Children’s rights
Children and the Criminal Justice System
Legal Aid SA works with Childline South Africa in matters where children’s rights are violated. Childline SA is an effective non-profit organisation that works collectively to protect children from all forms of violence and to create a culture of children’s rights in South Africa. Learn more here: https://www.childlinesa.org.za/
What is the Child Justice Act?
The Child Justice Act creates a unique and separate criminal justice system for children. The Act places an increased emphasis on restorative justice as well as on the rehabilitation and re-integration of children.

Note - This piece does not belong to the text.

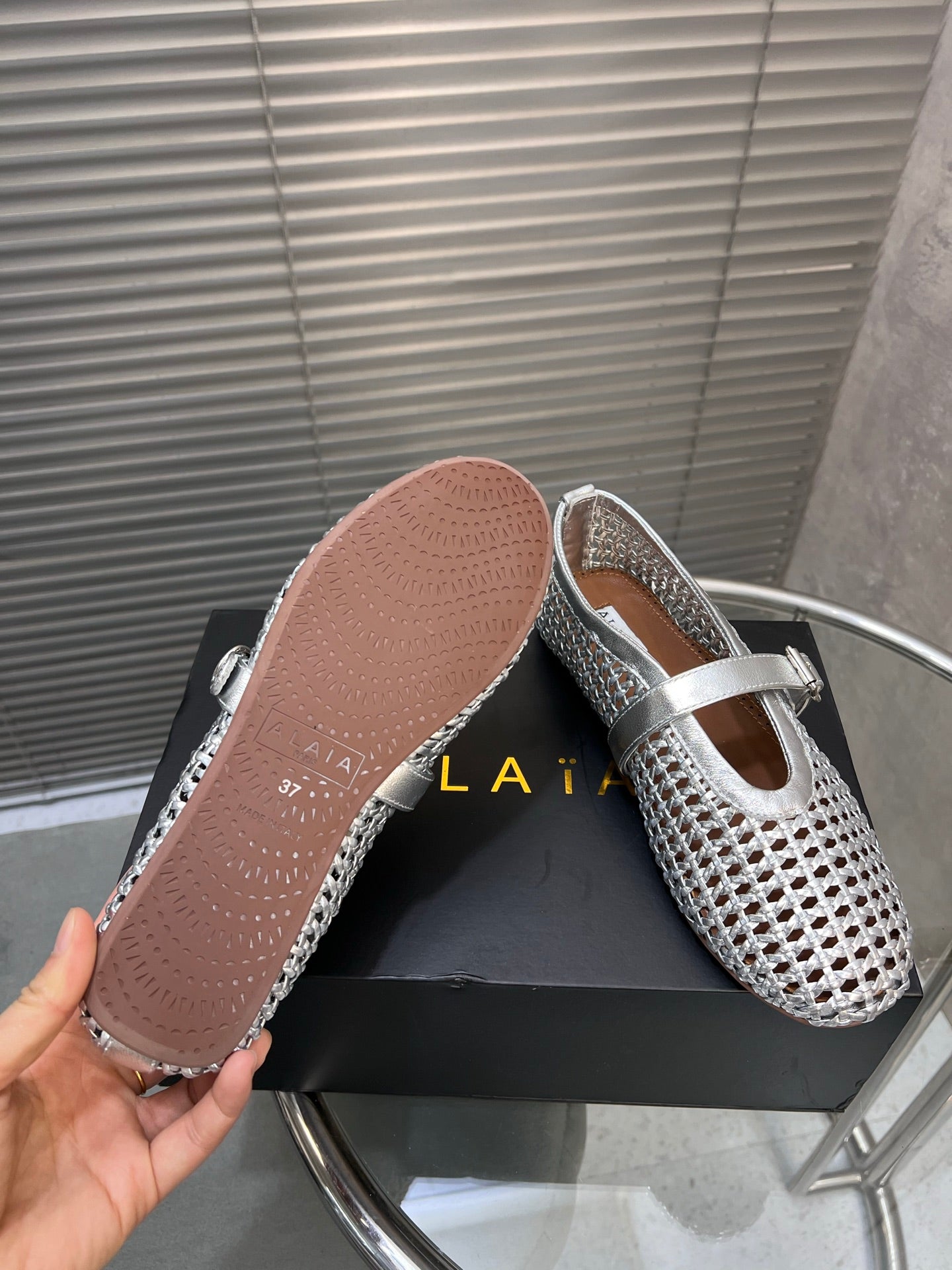 Alaia Braided Hollow Ballet Flats Silver Cowhide 300042
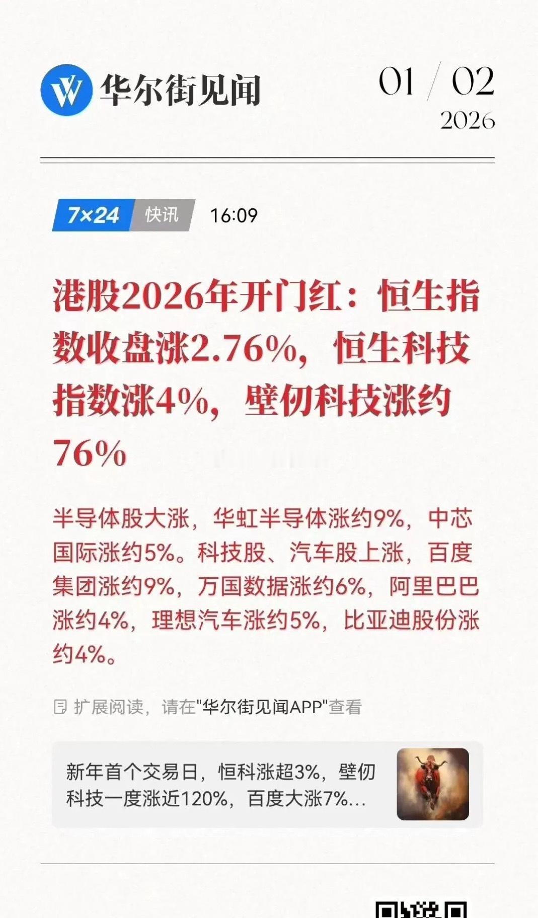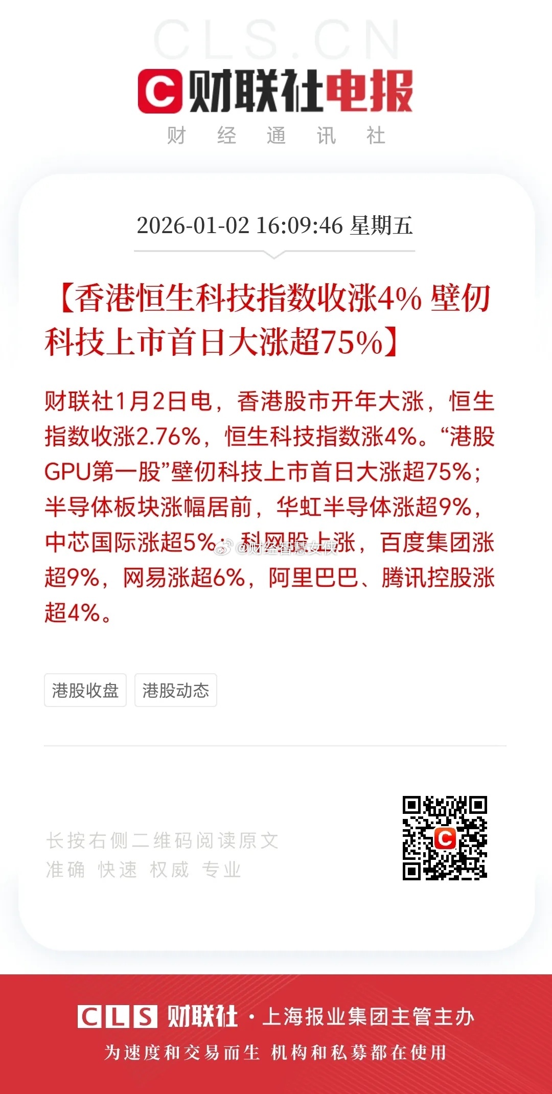 2026年元旦假期港股和A50的表现太惊艳,让人对节后A股开门红充满期待。假期第二天A股休市时,港股强势拉升,午盘恒生指数涨2.14%,恒生科技指数暴涨3.32%;富时中国A50期货直线拉升超100点。“港股GPU第一股”壁仞科技上市首日开盘涨82%,半导体、互联网等板块表现亮眼,华虹半导体涨超10%,百度集团大涨超8%。港股大涨一方面是A股休市,资金流入;另一方面其自身也有上涨基础。市场这次联动大涨或许是聪明资金对全年中国资产配置的预演,感觉A股新年开门红稳了!股票

Who is legally considered a “child”?
According to the Constitution, a child is any person under the age of 18. However, the Child Justice Act recognizes that in certain instances, it would be fair to apply its provisions to persons older than 18 years. Therefore, the Child Justice Act creates three distinct categories of children and persons:
•Children under 10 years old at the time of the offence – while children under 10 are not criminally liable, the Act sets out procedures that apply to children under 10 who commit a crime. These include referral to a children’s court or counselling if necessary.
•Children over 10 years old but younger than 18 years at the time of arrest or when the summons or written notice was served on them – these are the children who the Act specifically targets and aims to protect.
•Persons between the ages of 18 and 21 who committed the offence when they were under 18 years of age – this provision recognizes that 18 to 21 year olds are still young and can benefit from the procedures in the Act.
What is Criminal Capacity?
“Criminal Capacity” relates to the age at which a child has the mental ability to distinguish between right and wrong and can understand or appreciate the consequences of his or her actions. It is the age at which children have the capacity to commit crimes and to accept responsibility for their actions.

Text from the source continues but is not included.